### Exercise description
Every record below must be returned word for word, with the pictures left out.

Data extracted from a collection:
>>
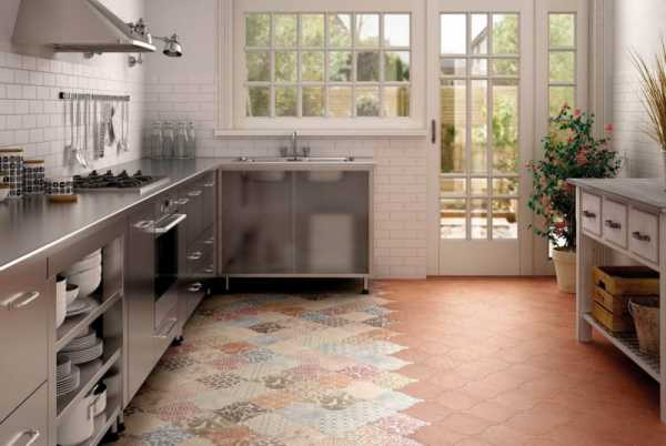 Для создания оригинальной поверхности подбирается самая разная половая плитка для кухни. Играя ее размером, формой, типом поверхности, можно добиться очень оригинальных и интересных решений в дизайне.
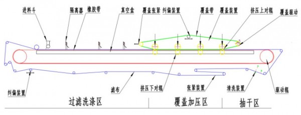 履帶式真空壓榨脫水機由履帶覆蓋裝置、橡膠濾帶、真空箱、驅(qū)動輥、膠帶支承臺、進料斗、濾布糾偏裝置、驅(qū)動裝置、濾布洗滌裝置、對輥壓榨、機架等部件組成。它是充分利用物料重力、真空吸力、雙濾布擠壓和對輥壓榨實現(xiàn)固液分離的效率很高的設備。
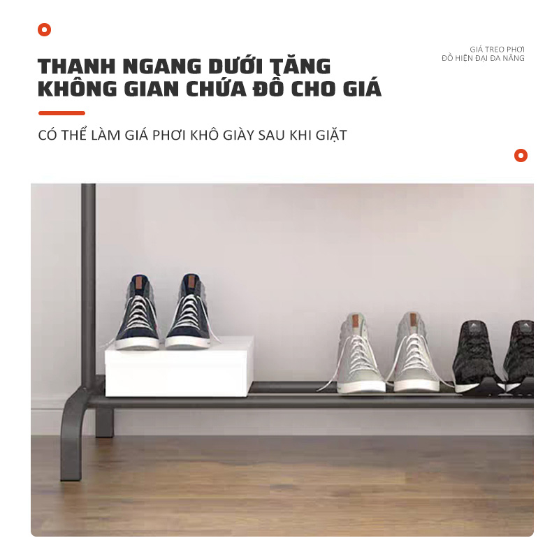 - Kệ treo quần áo đa năng là sản phẩm mới, được thiết kế hiện đại, nhỏ gọn, tiện dụng chắc chắn với nhiều tầng giúp bạn treo và để được rất nhiều quần áo, chăn màn, túi xách,cùng các vật dụng gia đình.
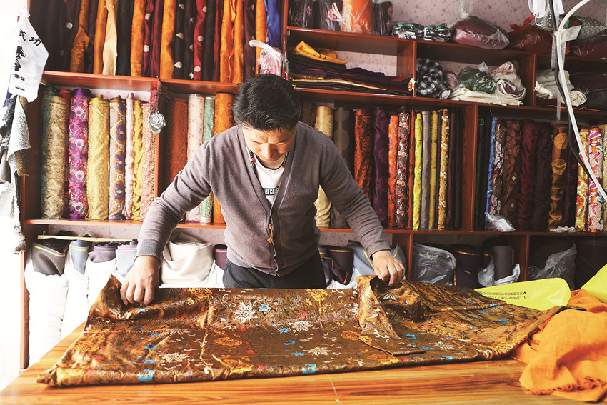 “傳統(tǒng)藏裝需要手工制作,青年、中年、老年人的款式各不一樣,料子也很有講究,還有裝飾也很重要……”說(shuō)起登龍服飾,扎西澤仁神采飛揚(yáng),不時(shí)發(fā)出爽朗的笑聲,他說(shuō),“一般簡(jiǎn)單的服裝制作僅需半天,復(fù)雜一些的要兩三天,價(jià)格從幾百元到幾千元不等?,F(xiàn)在縣城的商店生意很好,每天都能接到很多訂單,在登龍鄉(xiāng)的鋪?zhàn)咏唤o徒弟打理也完全沒(méi)有問(wèn)題。”
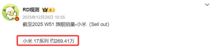 根据该博主提供的数据,同期的国产旗舰中,销量表现最好的是小米17系列,马上要达到300万台(目前数据是约269.41万台),和iPhone17系列的差距非常大。
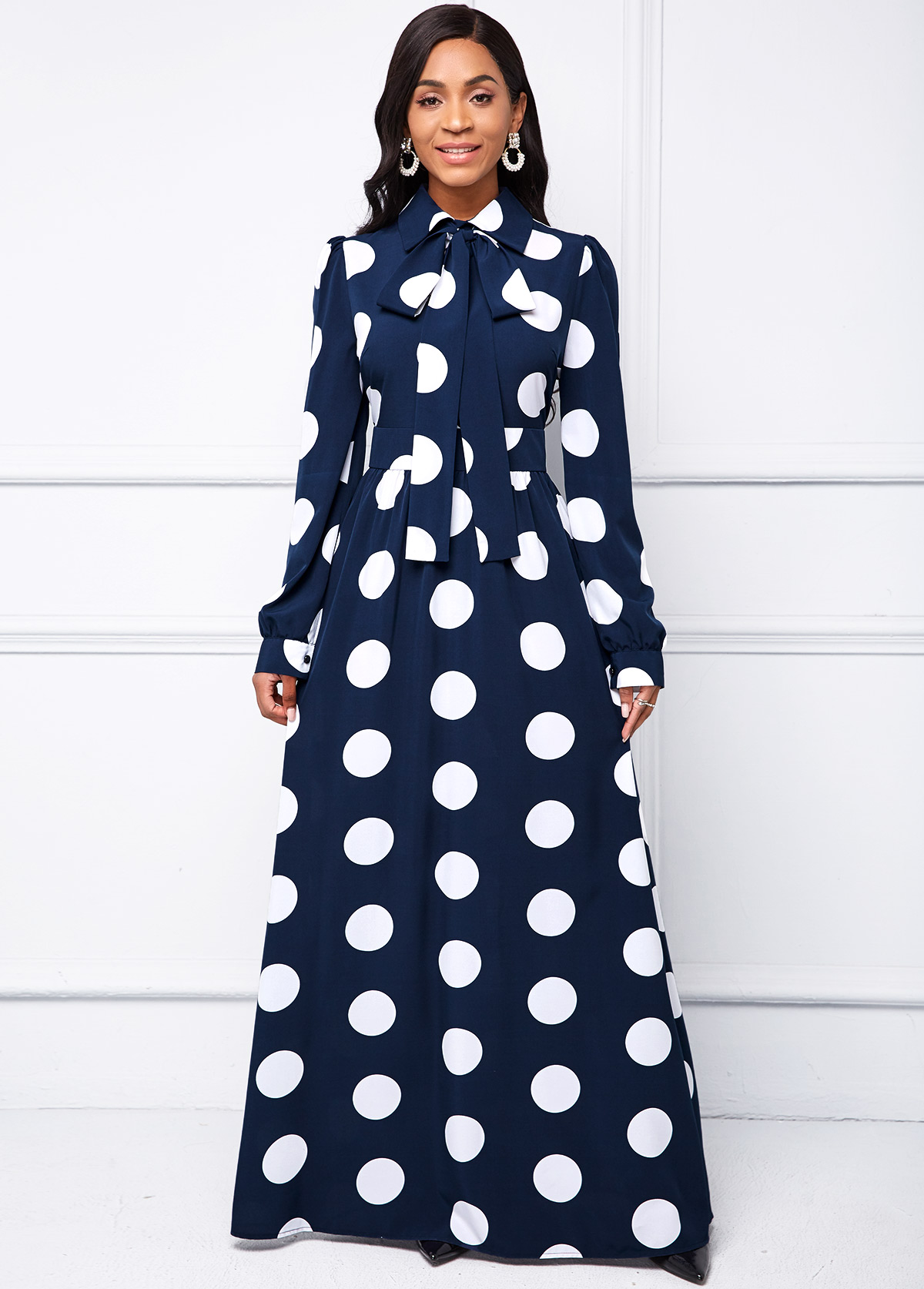 • Long Sleeve Turndown Collar Polka Dot Dress
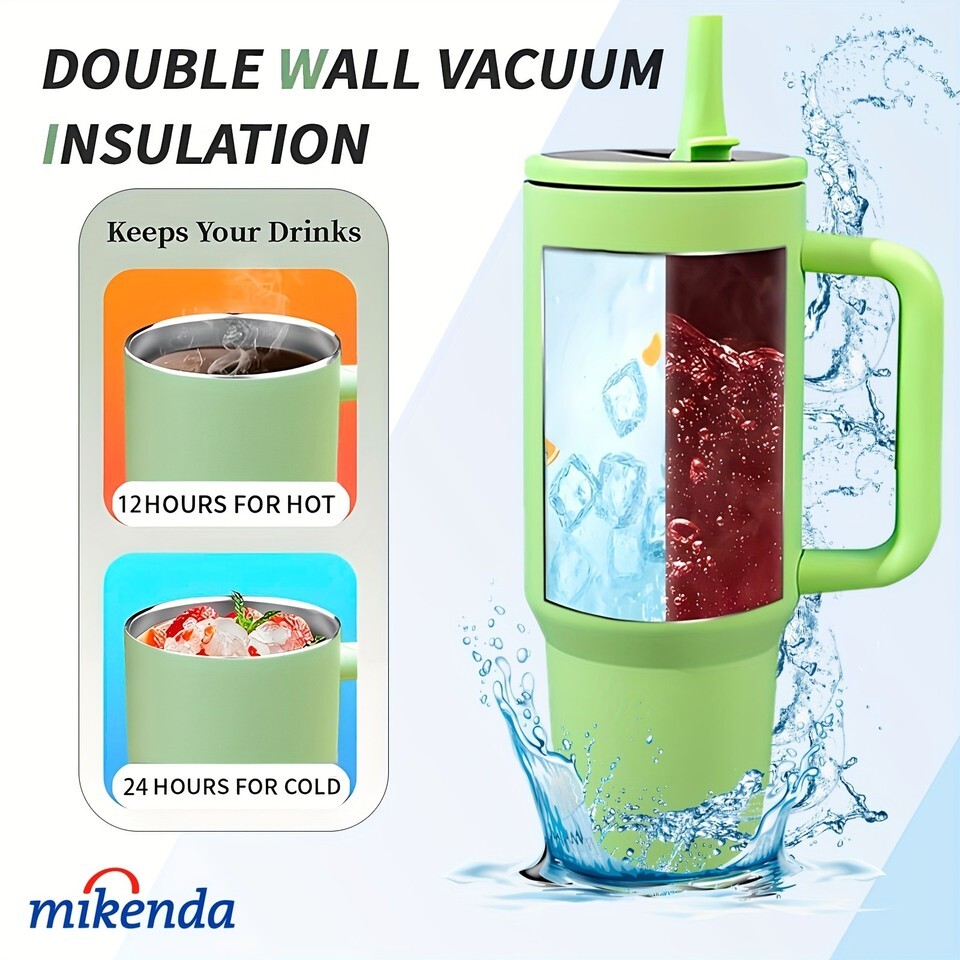 The Mikenda 40oz Stainless Steel Vacuum Mug keeps your drink just the way you like it ? cold for up to 24 hours or hot for up to 12 hours.
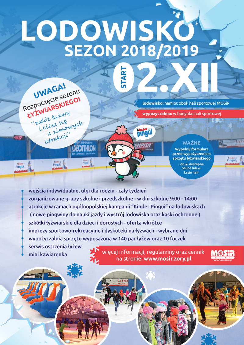 Nowe pingwiny do nauki jazdy, kaski ochronne dla dzieci oraz zmieniony wystrój – to zmiany wprowadzone w tym roku na lodowisku przy ul. Folwareckiej w ramach ogólnopolskiej kampanii „Kinder Pingui”. Wszyscy odwiedzający lodowisko będą mogli także skorzystać ze szkółki łyżwiarskiej, dyskotek na łyżwach i mini kawiarenki, w której można usiąść przy stoliku i napić się gorącej kawy czy herbaty z automatu.
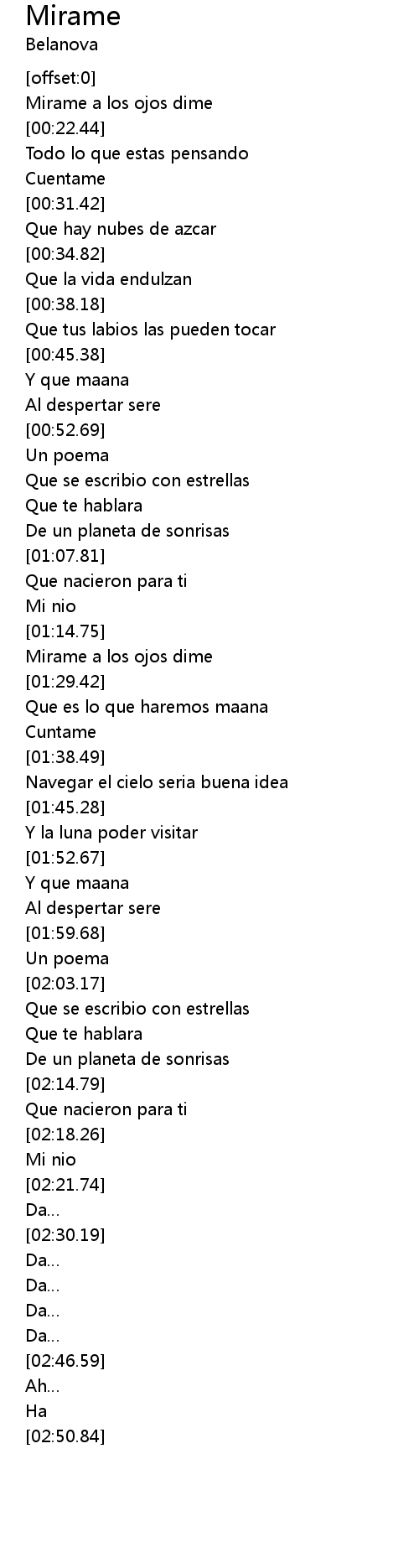 | [00:18.36] | Mirame a los ojos dime |
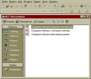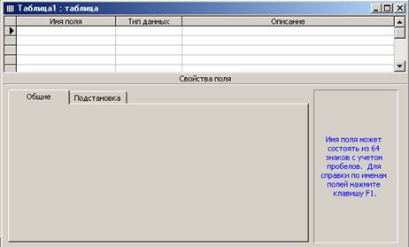 До створення нової таблиці можна приступити відразу після відкриття бази даних.
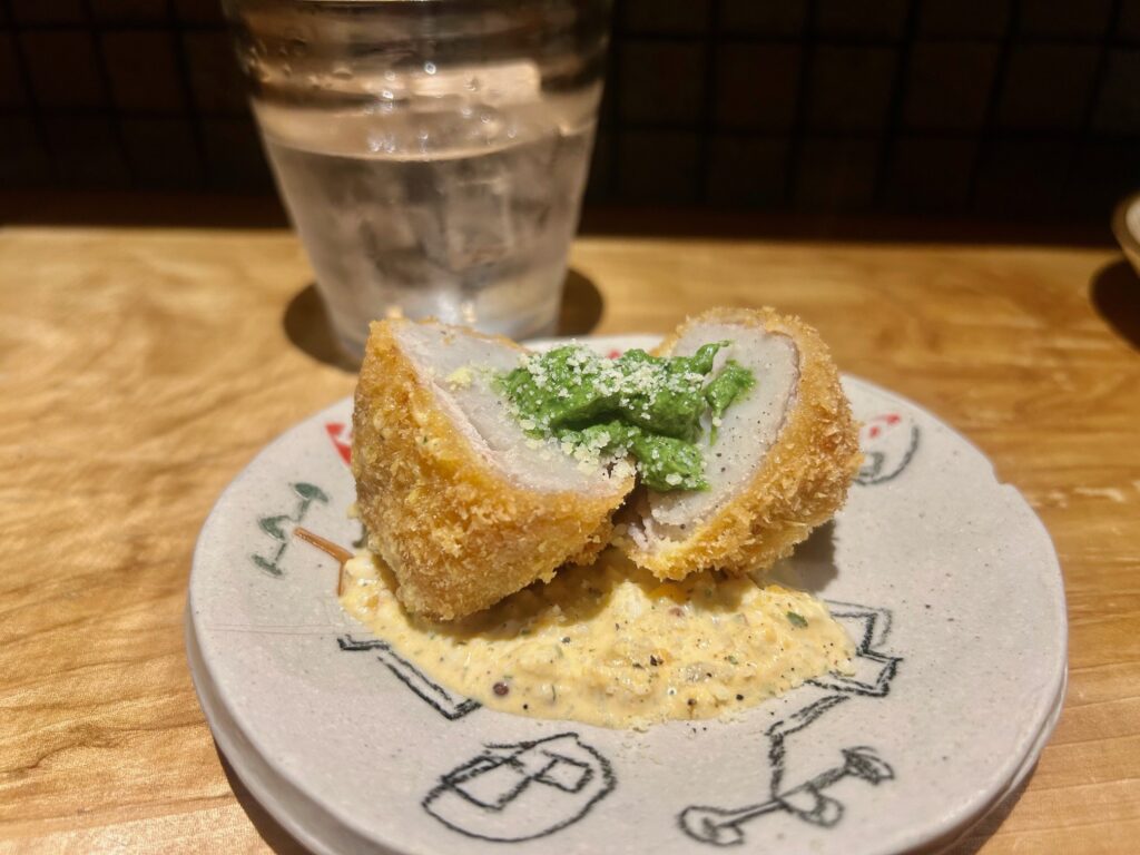 炊いた海老芋の豚巻きフライ法蓮草ソースとタルタル。。お酒がよくすすむ一品。
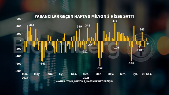 Türkiye Cumhuriyet Merkez Bankası (TCMB) verilerine göre 28 Kasım haftasında yurt dışı yerleşiklerin hissede 9,2 milyon dolarlık satış yaptığı görüldü.
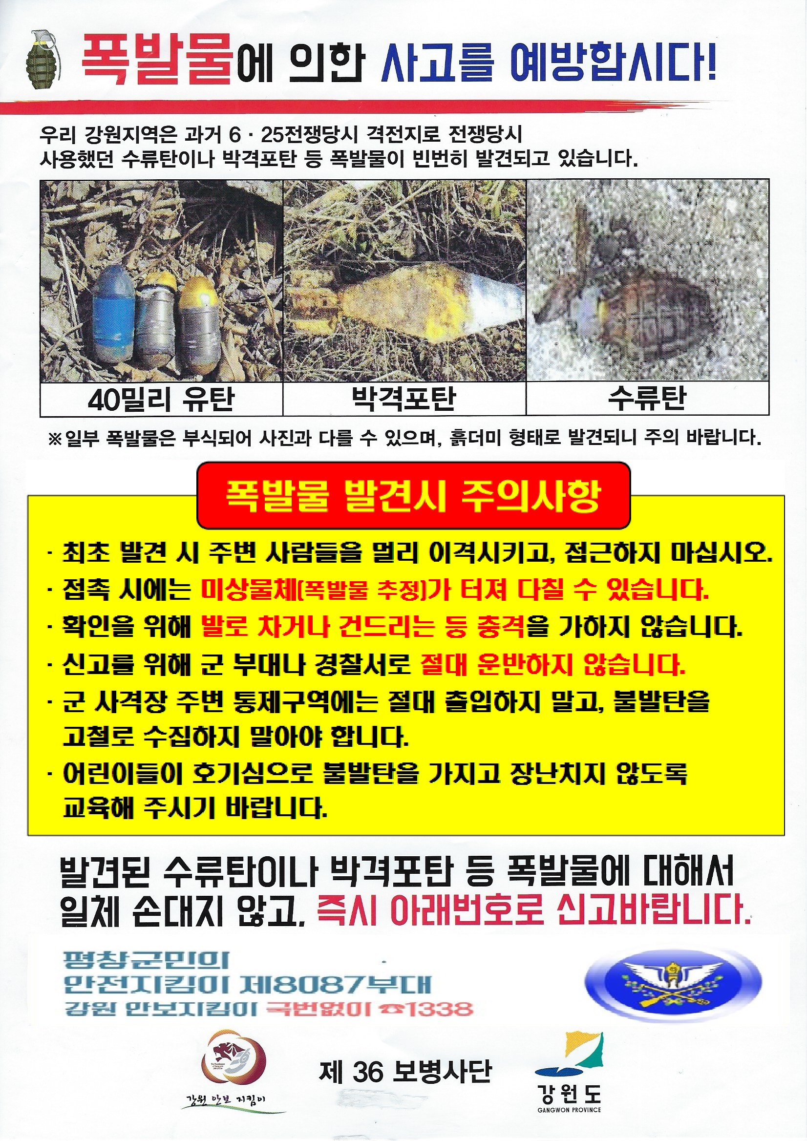 폭발물 발견시 주의사항을 아래와 같이 안내드립니다.
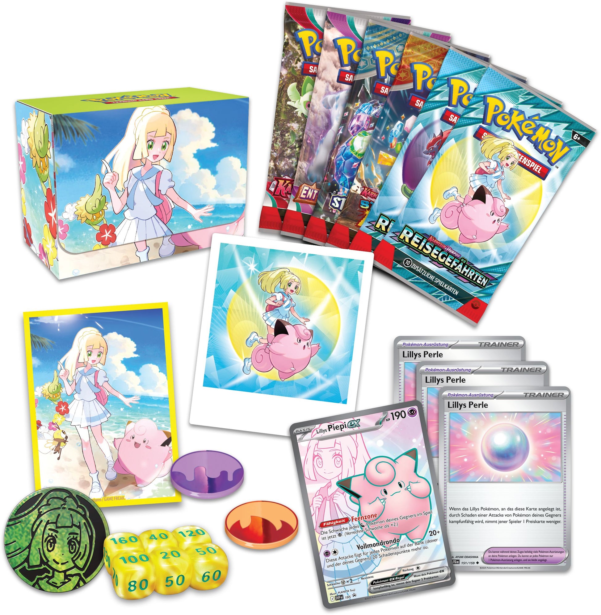 Du erhälst außerdem drei Exemplare von Lillys Perle - eine Pokémon- Ausrüstung, die Lillys Pokémon unterstützt - sowie Boosterpacks, einen Sticker, illustrierte Kartenhüllen, eine Deckbox und weiteres Zubehör für das Pokémon-Sammelkartenspiel.
<<
### Problem solution
 Для создания оригинальной поверхности подбирается самая разная половая плитка для кухни. Играя ее размером, формой, типом поверхности, можно добиться очень оригинальных и интересных решений в дизайне.
 履帶式真空壓榨脫水機由履帶覆蓋裝置、橡膠濾帶、真空箱、驅(qū)動輥、膠帶支承臺、進料斗、濾布糾偏裝置、驅(qū)動裝置、濾布洗滌裝置、對輥壓榨、機架等部件組成。它是充分利用物料重力、真空吸力、雙濾布擠壓和對輥壓榨實現(xiàn)固液分離的效率很高的設備。
 - Kệ treo quần áo đa năng là sản phẩm mới, được thiết kế hiện đại, nhỏ gọn, tiện dụng chắc chắn với nhiều tầng giúp bạn treo và để được rất nhiều quần áo, chăn màn, túi xách,cùng các vật dụng gia đình.
 “傳統(tǒng)藏裝需要手工制作,青年、中年、老年人的款式各不一樣,料子也很有講究,還有裝飾也很重要……”說(shuō)起登龍服飾,扎西澤仁神采飛揚(yáng),不時(shí)發(fā)出爽朗的笑聲,他說(shuō),“一般簡(jiǎn)單的服裝制作僅需半天,復(fù)雜一些的要兩三天,價(jià)格從幾百元到幾千元不等?,F(xiàn)在縣城的商店生意很好,每天都能接到很多訂單,在登龍鄉(xiāng)的鋪?zhàn)咏唤o徒弟打理也完全沒(méi)有問(wèn)題。”
 根据该博主提供的数据,同期的国产旗舰中,销量表现最好的是小米17系列,马上要达到300万台(目前数据是约269.41万台),和iPhone17系列的差距非常大。
 • Long Sleeve Turndown Collar Polka Dot Dress
 The Mikenda 40oz Stainless Steel Vacuum Mug keeps your drink just the way you like it ? cold for up to 24 hours or hot for up to 12 hours.
 Nowe pingwiny do nauki jazdy, kaski ochronne dla dzieci oraz zmieniony wystrój – to zmiany wprowadzone w tym roku na lodowisku przy ul. Folwareckiej w ramach ogólnopolskiej kampanii „Kinder Pingui”. Wszyscy odwiedzający lodowisko będą mogli także skorzystać ze szkółki łyżwiarskiej, dyskotek na łyżwach i mini kawiarenki, w której można usiąść przy stoliku i napić się gorącej kawy czy herbaty z automatu.
 | [00:18.36] | Mirame a los ojos dime |
 До створення нової таблиці можна приступити відразу після відкриття бази даних.
 炊いた海老芋の豚巻きフライ法蓮草ソースとタルタル。。お酒がよくすすむ一品。
 Türkiye Cumhuriyet Merkez Bankası (TCMB) verilerine göre 28 Kasım haftasında yurt dışı yerleşiklerin hissede 9,2 milyon dolarlık satış yaptığı görüldü.
 폭발물 발견시 주의사항을 아래와 같이 안내드립니다.
 Du erhälst außerdem drei Exemplare von Lillys Perle - eine Pokémon- Ausrüstung, die Lillys Pokémon unterstützt - sowie Boosterpacks, einen Sticker, illustrierte Kartenhüllen, eine Deckbox und weiteres Zubehör für das Pokémon-Sammelkartenspiel.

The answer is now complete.